→ **Raw data**:
============================================================
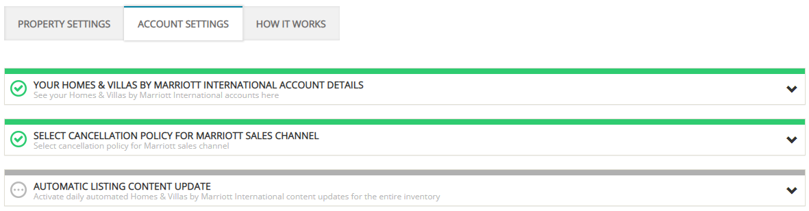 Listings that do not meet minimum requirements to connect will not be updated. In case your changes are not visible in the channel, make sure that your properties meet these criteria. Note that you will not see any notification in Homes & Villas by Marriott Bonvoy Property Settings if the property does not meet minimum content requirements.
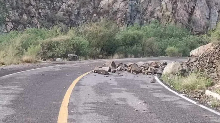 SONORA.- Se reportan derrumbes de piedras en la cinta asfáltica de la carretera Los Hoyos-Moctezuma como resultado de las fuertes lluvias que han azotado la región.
============================================================
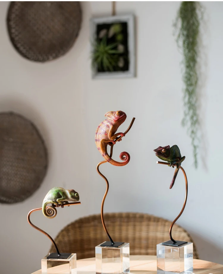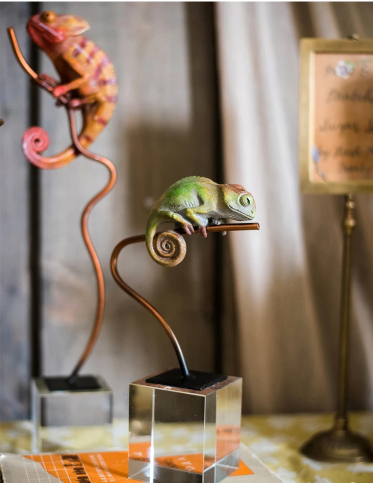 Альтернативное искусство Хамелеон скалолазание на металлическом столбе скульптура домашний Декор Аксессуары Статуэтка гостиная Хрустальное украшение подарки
============================================================
→ **Directions**:
Everything above from the line containing "Listings that do" through the line containing "SONORA.- Se reportan" must be repeated exactly, and the pictures must be left out.

→ **Finished exercise**:
 Listings that do not meet minimum requirements to connect will not be updated. In case your changes are not visible in the channel, make sure that your properties meet these criteria. Note that you will not see any notification in Homes & Villas by Marriott Bonvoy Property Settings if the property does not meet minimum content requirements.
 SONORA.- Se reportan derrumbes de piedras en la cinta asfáltica de la carretera Los Hoyos-Moctezuma como resultado de las fuertes lluvias que han azotado la región.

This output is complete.